We know, as we go into the 21st century, that jobs are changing. We know that the employed skilled workforce is changing, and we need to bring the economy with us. We need to bring the skilled workforce that is going to be prepared for the opportunities that a post-COVID crisis offers us. At the turn of the 21st century, there was a great flourishing of the internet. There was a great flourishing of the digital platforms that we all now take for granted in our daily lives, and it has delivered us the most extraordinary amount of inventiveness. But so too has our education system changed quite dramatically, and so too do we need to prepare the next generation for the future that they are going to see. It is so important that we reform our university and TAFE system in preparation for this. We've heard this afternoon about some of those reforms that are already commencing. And I welcome the fact that the Prime Minister is putting jobs at the heart of our future, underpinned by skills and training, and underpinned by understanding that universities and TAFEs are counter-cyclical to the economy.

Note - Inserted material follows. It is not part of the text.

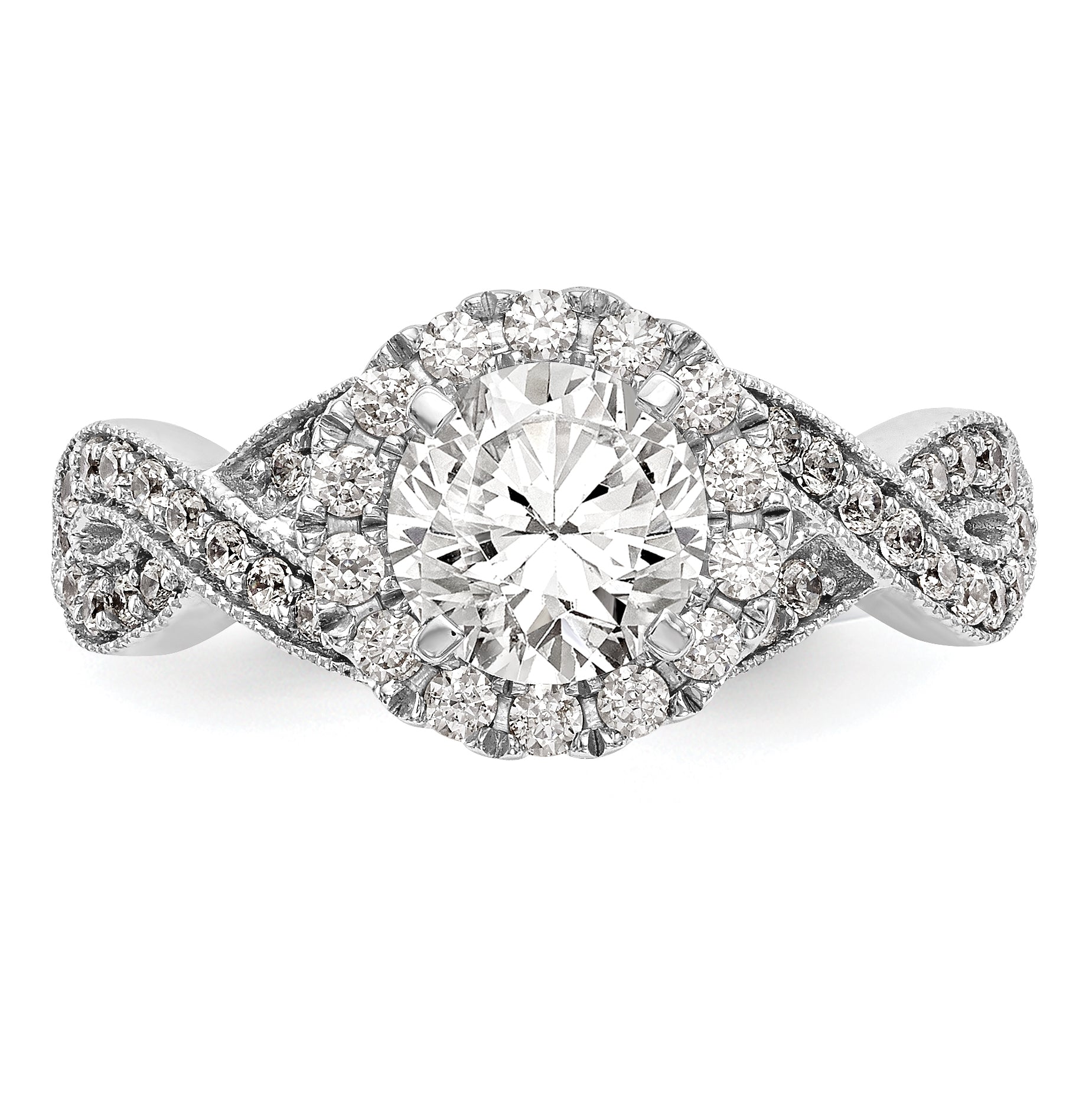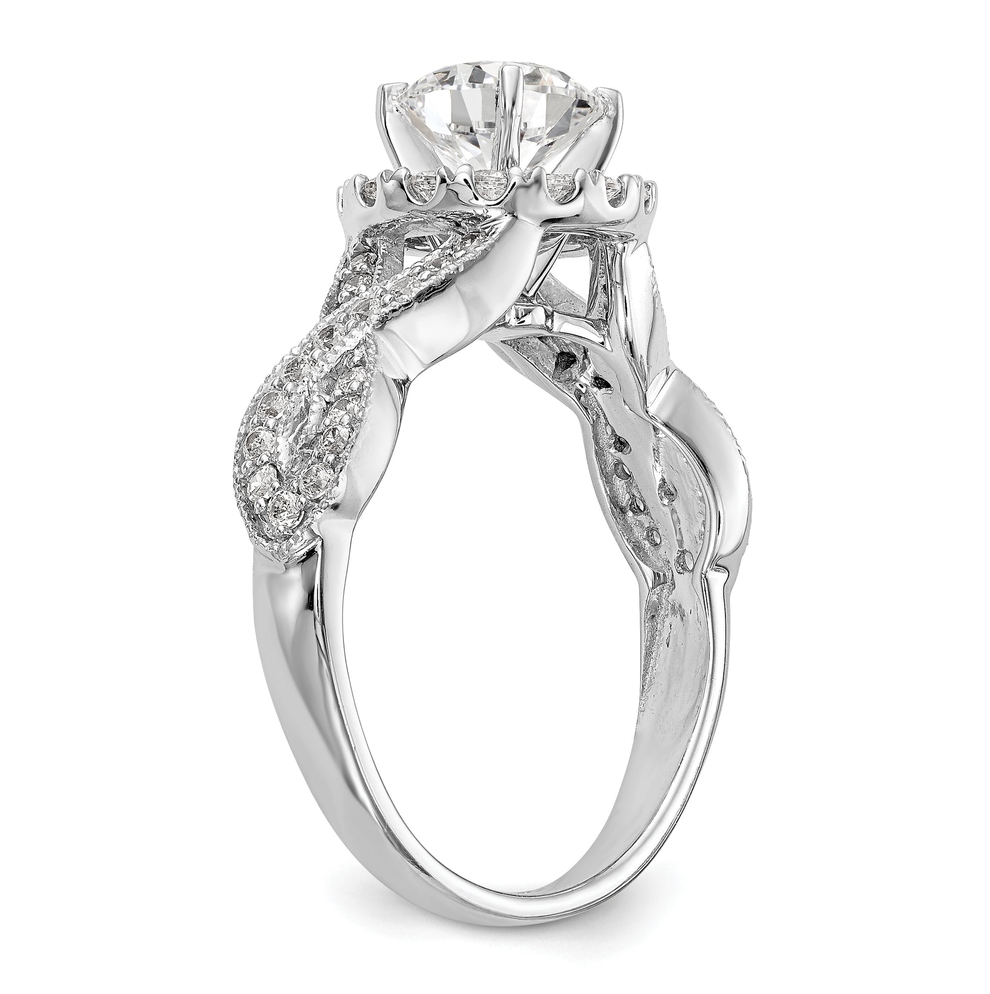 14K White Gold Peg Set Diamond Semi-Mount Halo Engagement Ring

We know that we are facing a recession—we know we've already entered into a recession. Now is the time to offer the opportunities for our young people to have the jobs of the future, and that is why I endorse the new recommendations that the Minister for Education, Dan Tehan, is making—that is, to focus the minds of our young people on what jobs there are on the other side of that training. They have to understand that it isn't the world of the 20th century, where you could go to university and one day come out the other side and think about what job you might get. We need our young to understand that the jobs of the future are in the healthcare sector, in the IT sector and in the services industries. We need to have these young people ready to grasp those opportunities. No longer is it about them going to university—like in The Game of Lifeand hoping that means they will come out the other side with a job. They need to go in with a forward-thinking idea, and for it to be supported by career advice and supported by what opportunities are on the other side. We don't want them blindly going in—as we know from the university sector, many of them go into their first year and change courses, because they haven't had good career counselling, they haven't had good skills mapping and they don't understand what it is they're going to get on the other side. So I welcome the fact that our government is supporting a National Careers Institute and a National Skills Commissioner. These are practical, pragmatic recommendations to ensure that our young people are ready for the next generation of jobs as they come online. We all know that the jobs of today are not the jobs of tomorrow. They are already changing. They're being pulled from underneath young people's feet as we speak.
I also welcome the fact that the Minister for Education has provided a lifeline for our universities. Even though there's been a change to activity—we know that we've been very dependent on the international students—he has guaranteed the $18 billion of funding to this sector. It has been incredibly important for this transition through the COVID-19 crisis. But there is also the fact that we have 20,000 new students applying for these short online courses that have been made available because we know that these students need short courses to upskill in this period of transition as we go through the post-COVID period. So I would like to commend the Morrison government for what we are doing for higher education in this sector.